Subchefia de Comando e Controle
A Subchefia de Comando e Controle da Chefia de Operações Conjuntas do Estado-Maior Conjunto das Forças Armadas, uma das estruturas às quais não se aplica a norma citada pela Defesa na resposta à CPMI, abrange a Seção de Defesa Cibernética e Guerra Eletrônica, órgão criado em novembro de 2021 pelo general Walter Souza Braga Netto, à época ministro da Defesa, a fim de fomentar “uma mentalidade de Guerra Eletrônica e o incremento da interoperabilidade das atividades de Guerra Eletrônica nas Forças Armadas”.
No último 23 de agosto, Come Ananás mostrou que as visitas que Walter Delgatti diz ter feito ao Ministério da Defesa teriam acontecido durante a realização, sob o guarda-chuva da Defesa, da edição de 2022 do Exercício Guardião Cibernético, de ataques hackers fictícios do tipo Capture The Flag (CTF) e atividades de Problemas Cibernéticos Simulados (PCS).
Realizado anualmente desde 2018, o Exercício Guardião Cibernético é considerado o maior exercício de guerra cibernética do Hemisfério Sul e tem o EMCFA como uma das estruturas participantes, a nível estratégico.
A nível operacional, o Guardião Cibernético é conduzido pelo Comando de Defesa Cibernética (ComDCiber) do Exército. No ano passado, o ComDCiber estava sob a chefia do general Heber Garcia Portella, que foi o nome indicado por Braga Netto para representar as Forças Armadas na Comissão de Transparência das Eleições (CTE) do Tribunal Superior Eleitoral (TSE). A CTE foi criada em setembro de 2021 pelo então presidente do TSE, Luis Roberto Barroso, como tentativa de refrear os ataques de Jair Bolsonaro – e dos militares – à credibilidade do processo eleitoral.

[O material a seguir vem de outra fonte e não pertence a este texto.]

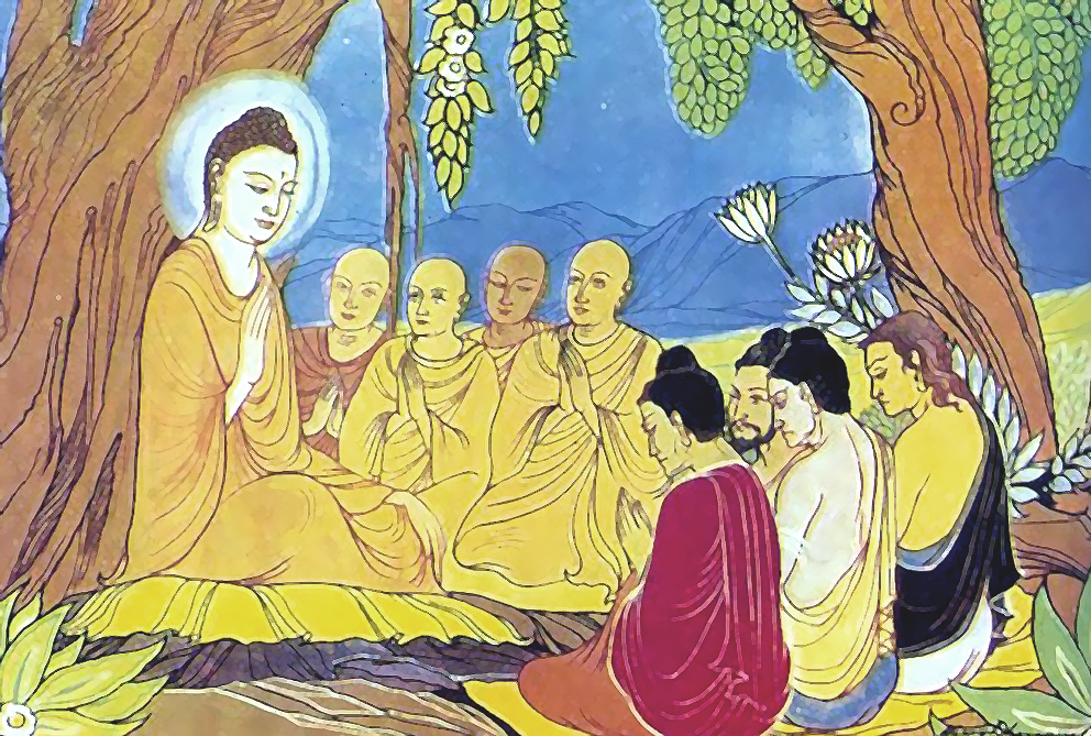 ……梵天沙巷婆提心想:“薄伽梵已允传法。”于是对薄伽梵顶礼、右绕后,就地消失。

Em 2022, como em 2020 e 2021, a multinacional brasileira Kryptus Segurança da Informação, que fabrica componentes de segurança das urnas eletrônicas, foi uma das empresas chamadas pelo ComDCiber para dar apoio ao Exercício Guardião Cibernético. O CEO da Kryptus, Roberto Alves Gallo Filho, também integrou a CTE, junto com o general Portella.
Assessoria de Inteligência em Defesa
A Chefia de Inteligência de Defesa, o outro órgão não abarcado pela norma regente do circuito de televisão do Ministério da Defesa, foi transformada em Assessoria de Inteligência de Defesa do Estado-Maior Conjunto das Forças Armadas logo após a edição da Instrução Normativa de 24 de fevereiro de 2022, no âmbito de alterações da estrutura organizacional do ministério feitas por meio do decreto Nº 10.998 de 15 de março de 2022.

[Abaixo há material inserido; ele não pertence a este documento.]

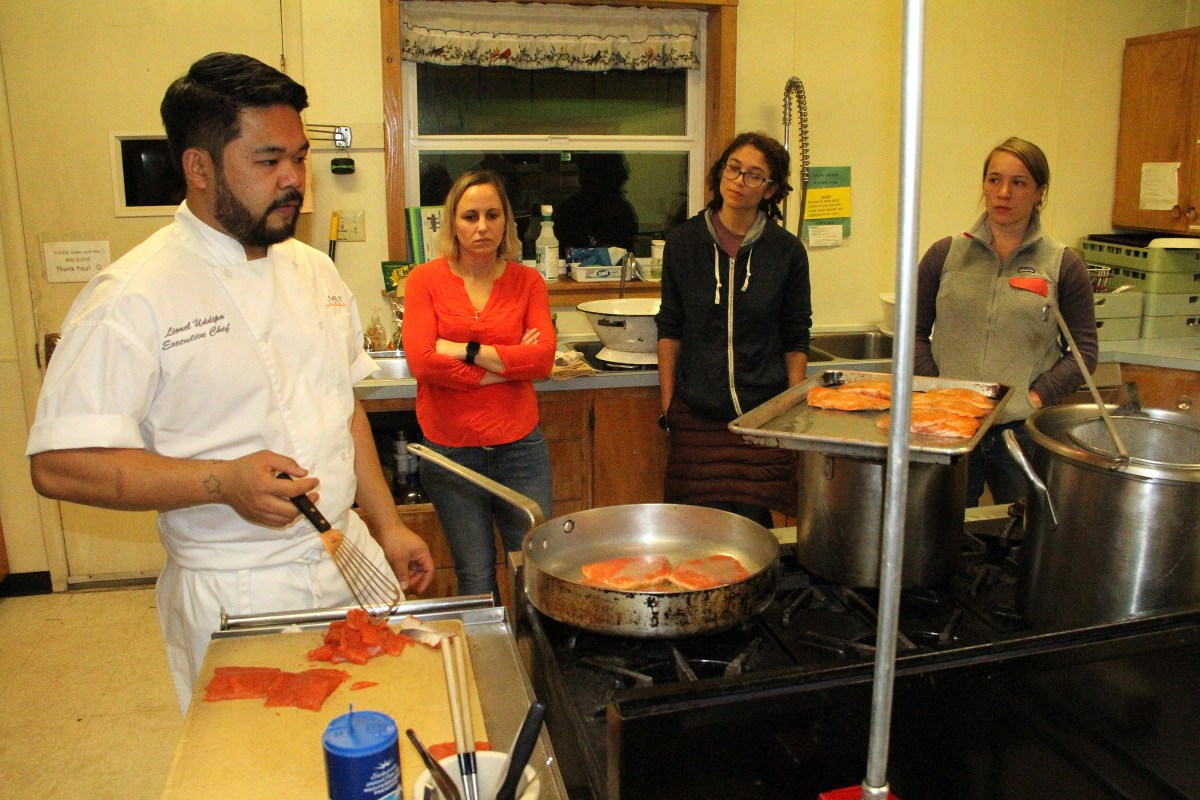 StudentsWatchAsChefLionelUddipaSearsCohoSalmon Published November 8, 2017 at 2700 × 1800 in Scenes from the Cooking From Scratch class on Fish ‘n Veggies at the Sitka Kitch ← Previous Next →

Entre as atribuições da Assessoria de Inteligência em Defesa estão “coordenar o Sistema de Inteligência de Defesa e o Sistema de Inteligência Operacional”; “efetuar o credenciamento de segurança da administração central do Ministério da Defesa e dos órgãos a ele vinculados”; e manter interlocução com o ComDCiber e com o Comando de Comunicações e Guerra Eletrônica do Exército para utilização de produtos, entre outros, cibernéticos.
O ofício do Ministério da Defesa à CMPI do 8/1 é assinado pelo ministro José Múcio Monteiro e pelo Diretor do Departamento de Engenharia e Serviços Gerais da pasta, coronel do Exército Odilon Mazzini Junior, que é remanescente do governo de Jair Bolsonaro. Antes de assumir a diretoria na Defesa, em maio de 2021, o coronel Mazzini Junior ocupou outro cargo no governo Bolsonaro, na Secretaria-Geral da Presidência da República.
Come Ananás entrou em contato com o Ministério da Defesa para perguntar se há norma de retenção de imagens específica para a Subchefia de Comando e Controle e para a atual Assessoria de Inteligência de Defesa do EMCFA. Não houve resposta até a publicação desta reportagem.